1. La vision d’Huntington
Le planisphère du document 1 nous présente la lecture géoculturelle du monde à l’aube du XXIe siècle selon Huntington. Cette lecture
repose sur l’identification de neuf civilisations distinctes : africaine, bouddhiste, chinoise, hindoue, islamique, japonaise, latino-américaine, occidentale
et orthodoxe.
Attention ! Dans la mesure où la notion de civilisation est au cœur du sujet, il est indispensable de la définir.
Une civilisation correspond à une aire culturelle dans laquelle les sociétés auraient des valeurs, une religion, des langues et une histoire
communes. Ainsi, la « civilisation islamique » est fondée sur la religion musulmane, la langue arabe et un passé commun.
2. Les limites de cette vision
Gagnez des points ! Appuyez votre démonstration sur des éléments visibles sur la carte.
Les frontières culturelles tracées par la carte sont discutables. L’Indonésie et la Malaisie sont incluses dans la civilisation islamique, alors
qu’elles se distinguent des autres États musulmans notamment par la langue. À l’opposé, l’Europe occidentale (intégrée à la civilisation occidentale) et
l’Europe orientale (incluse dans la civilisation orthodoxe) paraissent artificiellement séparées.
Les aires de civilisation ne sont pas si homogènes que l’affirme Huntington. Ainsi, la civilisation islamique est profondément divisée
(opposition sunnites / chiites). Par ailleurs, la présence de nombreuses minorités culturelles rend la situation bien plus complexe : le Sud des ÉtatsUnis est une enclave de la civilisation latino-américaine à l’intérieur de la civilisation occidentale.

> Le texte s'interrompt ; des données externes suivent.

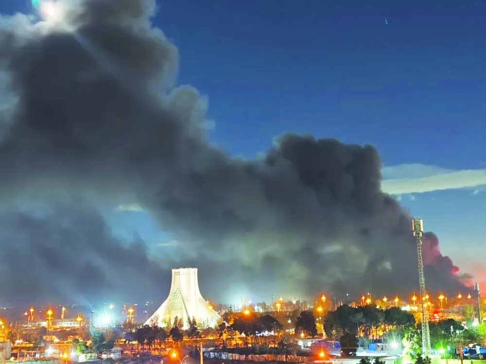 دخان يتصاعد من مطار مهر آباد غرب طهران فجر أمس (شبكات التواصل)

II. Un « choc des civilisations » ?
1. Une thèse validée par les faits ?
Info: Cette interprétation explique le succès de la thèse d’Huntington au début des années 2000.

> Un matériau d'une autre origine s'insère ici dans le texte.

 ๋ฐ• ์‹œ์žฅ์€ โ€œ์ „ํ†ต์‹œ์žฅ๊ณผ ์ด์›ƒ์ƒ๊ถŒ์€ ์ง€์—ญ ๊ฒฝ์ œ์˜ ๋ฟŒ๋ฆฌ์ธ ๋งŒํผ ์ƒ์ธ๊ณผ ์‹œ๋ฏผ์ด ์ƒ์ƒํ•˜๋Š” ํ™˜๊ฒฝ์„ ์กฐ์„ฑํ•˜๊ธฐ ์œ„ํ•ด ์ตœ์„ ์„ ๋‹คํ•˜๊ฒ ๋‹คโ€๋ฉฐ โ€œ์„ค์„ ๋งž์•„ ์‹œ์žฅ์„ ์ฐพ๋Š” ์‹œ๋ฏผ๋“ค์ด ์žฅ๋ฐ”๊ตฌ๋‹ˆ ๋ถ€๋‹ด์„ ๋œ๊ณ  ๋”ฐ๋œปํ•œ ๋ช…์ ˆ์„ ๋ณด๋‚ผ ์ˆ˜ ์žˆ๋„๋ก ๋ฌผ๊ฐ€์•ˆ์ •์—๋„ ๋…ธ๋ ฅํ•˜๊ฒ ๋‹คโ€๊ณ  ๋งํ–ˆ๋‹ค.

Comme nous le montre le planisphère du doc. 1, la thèse défendue par Samuel Huntington est celle du « choc des civilisations ». Selon
lui, les conflits dans le monde de l’après-guerre froide sont liés à l’antagonisme entre les grandes aires de civilisation. A posteriori, les attentats du
11 septembre 2001 ont été interprétés comme une manifestation du choc entre les civilisations islamique et occidentale.

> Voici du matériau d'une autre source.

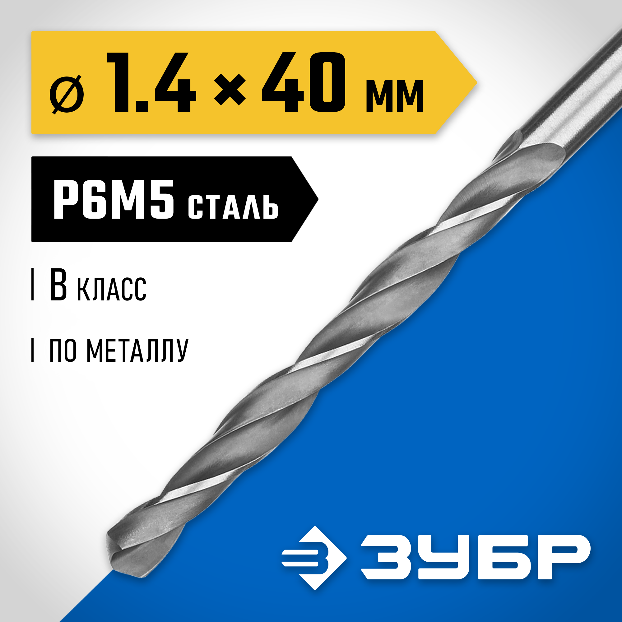 ЗУБР ПРОФ-в 1.4х40мм, Сверло по металлу, сталь Р6М5, класс В (29621-1.4)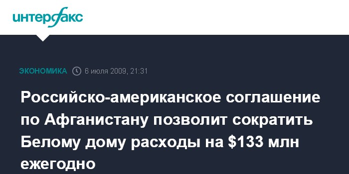 Москва. 6 июля. INTERFAX.RU - Российско-американское соглашение о военном транзите в Афганистан позволит ВВС США совершать 4,5 тыс. вылетов в год без дополнительных затрат, что позволит Белому дому сэкономить на топливе и других транспортных расходах до $133 млн ежегодно, пишет в понедельник американское издание "Вашингтон пост" со ссылкой на заявление представителя Белого дома.

Définition: Le djihad désigne le combat mené par certains musulmans, au nom de la religion, contre ceux qu’ils considèrent comme « infidèles ».
La confrontation des deux cartes donne des arguments en faveur ce point de vue. Ainsi, certains conflits ouverts (Syrie, Afghanistan)
opposeraient depuis le début du XXIe siècle les puissances occidentales (États-Unis et leurs alliés) et des mouvements de résistance djihadistes : n’eston pas au cœur d’un antagonisme entre civilisations occidentale et islamique ?
2. Les multiples facteurs de conflits
Le planisphère du doc. 2 invalide partiellement la thèse d’Huntington. Ainsi, les conflits de plus forte intensité (« conflit ouvert »,
« affrontement significatif ») sont majoritairement internes aux aires de civilisation (ex. : Libye, Somalie, Pakistan, Afrique équatoriale et même
Afghanistan) : il s’agit avant tout de conflits intra-étatiques.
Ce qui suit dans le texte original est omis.